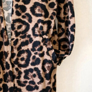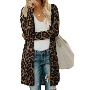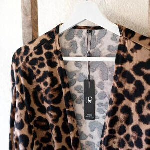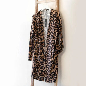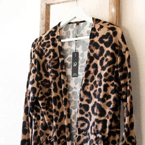 NWT Ouges Cardigan Sz L Leopard Print Tan Black Open Front Long Sleeves Pockets
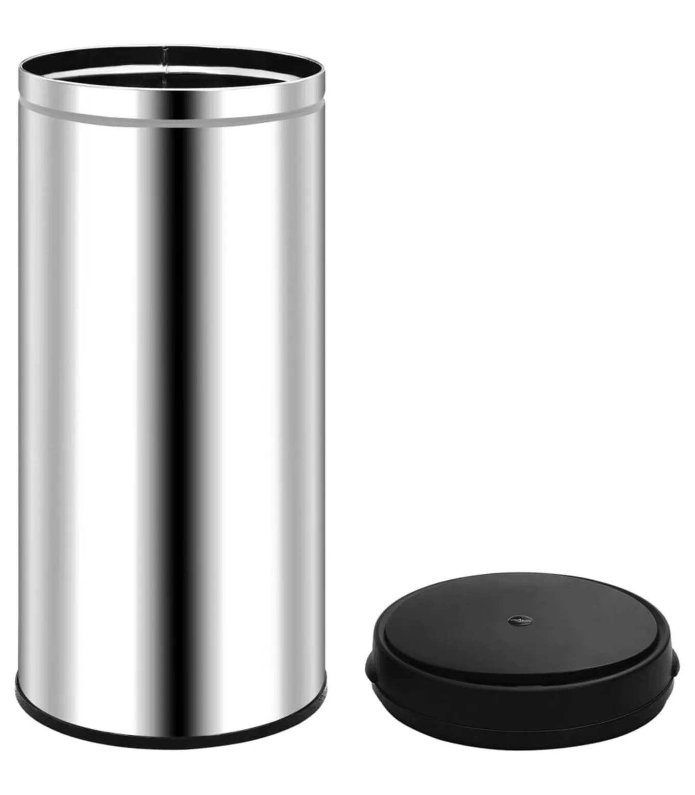 Deze prullenbak heeft een roestvrijstalen behuizing en een sterk ABS deksel, waardoor hij duurzaam en gemakkelijk schoon te maken is. Hij heeft een ring om de zak te bevestigen en het deksel kan eenvoudig worden afgenomen. Je kan de sensor uitschakelen om het deksel handmatig te openen en sluiten.
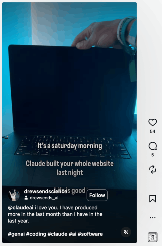 The most positive reactions in the dataset didn’t come from any Anthropic announcements. It was the people-developers showing off the apps and workflows they built with Claude Code and Claude Cowork.
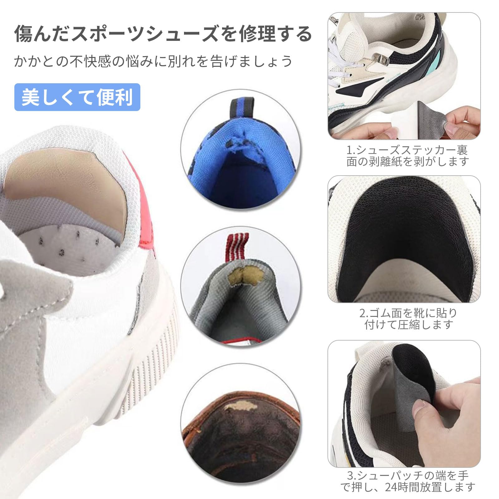 [ポクミル] 靴かかと補修 内側 24枚セット スニーカー 内側かかと補修 靴修理パッチ スニーカー かかとすり減り防止 靴 破れ 補修 シューズ補修材 パッチ かかと内側補修 かかと破れ補修 内側かかと補強 靴の穴防止 靴修理用品
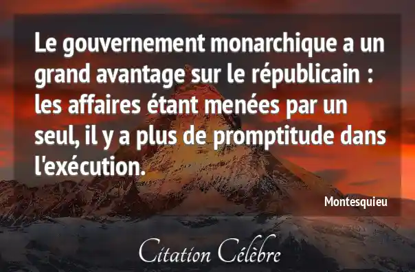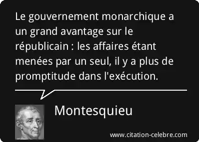 Le gouvernement monarchique a un grand avantage sur le républicain : les affaires étant menées par un seul, il y a plus de promptitude dans l'exécution.

**Your assignment**
Transcribe the records above exactly, excluding every picture.

**Your solution**
 NWT Ouges Cardigan Sz L Leopard Print Tan Black Open Front Long Sleeves Pockets
 Deze prullenbak heeft een roestvrijstalen behuizing en een sterk ABS deksel, waardoor hij duurzaam en gemakkelijk schoon te maken is. Hij heeft een ring om de zak te bevestigen en het deksel kan eenvoudig worden afgenomen. Je kan de sensor uitschakelen om het deksel handmatig te openen en sluiten.
 The most positive reactions in the dataset didn’t come from any Anthropic announcements. It was the people-developers showing off the apps and workflows they built with Claude Code and Claude Cowork.
 [ポクミル] 靴かかと補修 内側 24枚セット スニーカー 内側かかと補修 靴修理パッチ スニーカー かかとすり減り防止 靴 破れ 補修 シューズ補修材 パッチ かかと内側補修 かかと破れ補修 内側かかと補強 靴の穴防止 靴修理用品
 Le gouvernement monarchique a un grand avantage sur le républicain : les affaires étant menées par un seul, il y a plus de promptitude dans l'exécution.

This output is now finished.